:: Input ::
□ □ □ □ □ □ □

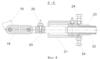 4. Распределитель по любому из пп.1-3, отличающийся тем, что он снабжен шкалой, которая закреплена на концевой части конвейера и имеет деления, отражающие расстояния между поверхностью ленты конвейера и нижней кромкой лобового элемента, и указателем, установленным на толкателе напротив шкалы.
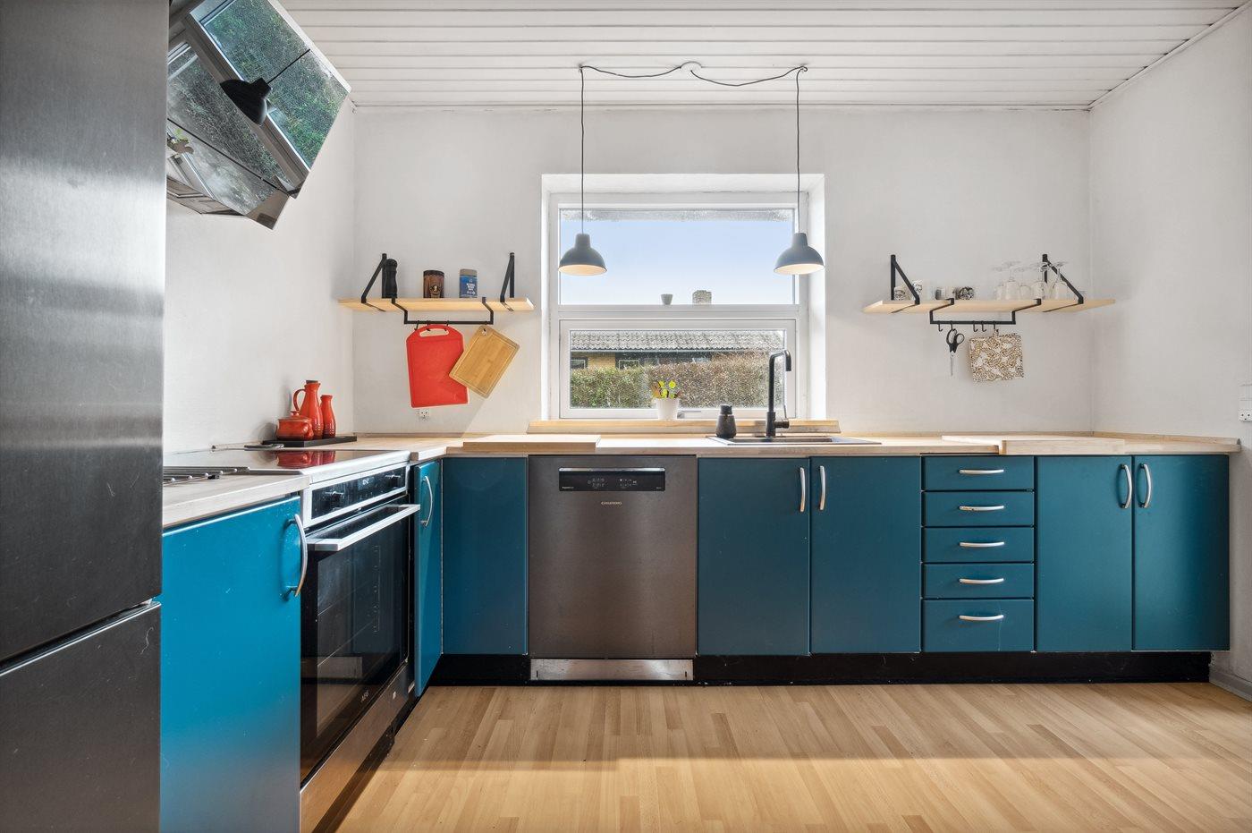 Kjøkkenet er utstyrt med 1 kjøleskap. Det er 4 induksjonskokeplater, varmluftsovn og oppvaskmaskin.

□ □ □ □ □ □ □

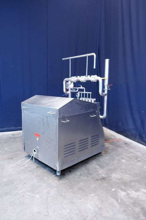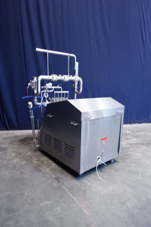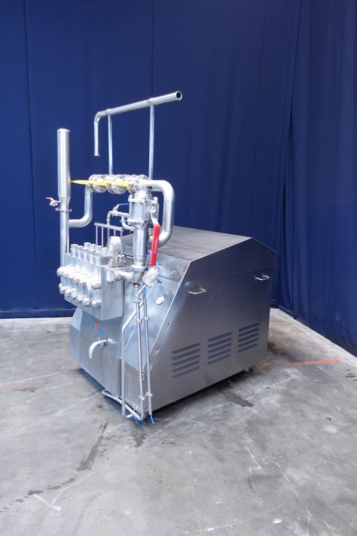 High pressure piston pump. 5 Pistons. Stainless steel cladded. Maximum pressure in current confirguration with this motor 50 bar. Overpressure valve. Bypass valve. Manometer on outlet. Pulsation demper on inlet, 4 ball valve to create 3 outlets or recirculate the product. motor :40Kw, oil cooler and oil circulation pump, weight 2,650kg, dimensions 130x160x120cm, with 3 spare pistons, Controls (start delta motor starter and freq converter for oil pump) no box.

□ □ □ □ □ □ □

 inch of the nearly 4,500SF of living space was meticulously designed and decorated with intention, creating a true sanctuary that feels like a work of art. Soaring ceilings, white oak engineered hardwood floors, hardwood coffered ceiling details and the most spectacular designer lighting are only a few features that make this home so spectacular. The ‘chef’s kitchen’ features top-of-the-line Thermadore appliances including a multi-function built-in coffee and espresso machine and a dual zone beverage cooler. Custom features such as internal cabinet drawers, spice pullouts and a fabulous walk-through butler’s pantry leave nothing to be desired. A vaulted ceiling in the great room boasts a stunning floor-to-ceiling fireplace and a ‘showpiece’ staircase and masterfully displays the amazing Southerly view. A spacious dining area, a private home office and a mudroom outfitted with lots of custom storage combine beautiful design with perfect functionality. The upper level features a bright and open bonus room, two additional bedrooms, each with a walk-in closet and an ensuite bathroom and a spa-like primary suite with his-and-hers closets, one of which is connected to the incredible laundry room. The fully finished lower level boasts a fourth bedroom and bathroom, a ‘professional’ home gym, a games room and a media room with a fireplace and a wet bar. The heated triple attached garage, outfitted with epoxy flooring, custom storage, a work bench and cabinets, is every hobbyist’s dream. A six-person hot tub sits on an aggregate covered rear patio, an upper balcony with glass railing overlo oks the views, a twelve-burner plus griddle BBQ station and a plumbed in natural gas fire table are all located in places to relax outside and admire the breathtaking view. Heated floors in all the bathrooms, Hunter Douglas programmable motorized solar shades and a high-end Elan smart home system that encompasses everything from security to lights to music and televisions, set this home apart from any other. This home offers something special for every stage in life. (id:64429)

□ □ □ □ □ □ □

Your answer must be the exact lines from the records above, from the one containing "4. Распределитель по" through the one containing "Kjøkkenet er utstyrt", both included, with every picture left out.

:: Result ::
 4. Распределитель по любому из пп.1-3, отличающийся тем, что он снабжен шкалой, которая закреплена на концевой части конвейера и имеет деления, отражающие расстояния между поверхностью ленты конвейера и нижней кромкой лобового элемента, и указателем, установленным на толкателе напротив шкалы.
 Kjøkkenet er utstyrt med 1 kjøleskap. Det er 4 induksjonskokeplater, varmluftsovn og oppvaskmaskin.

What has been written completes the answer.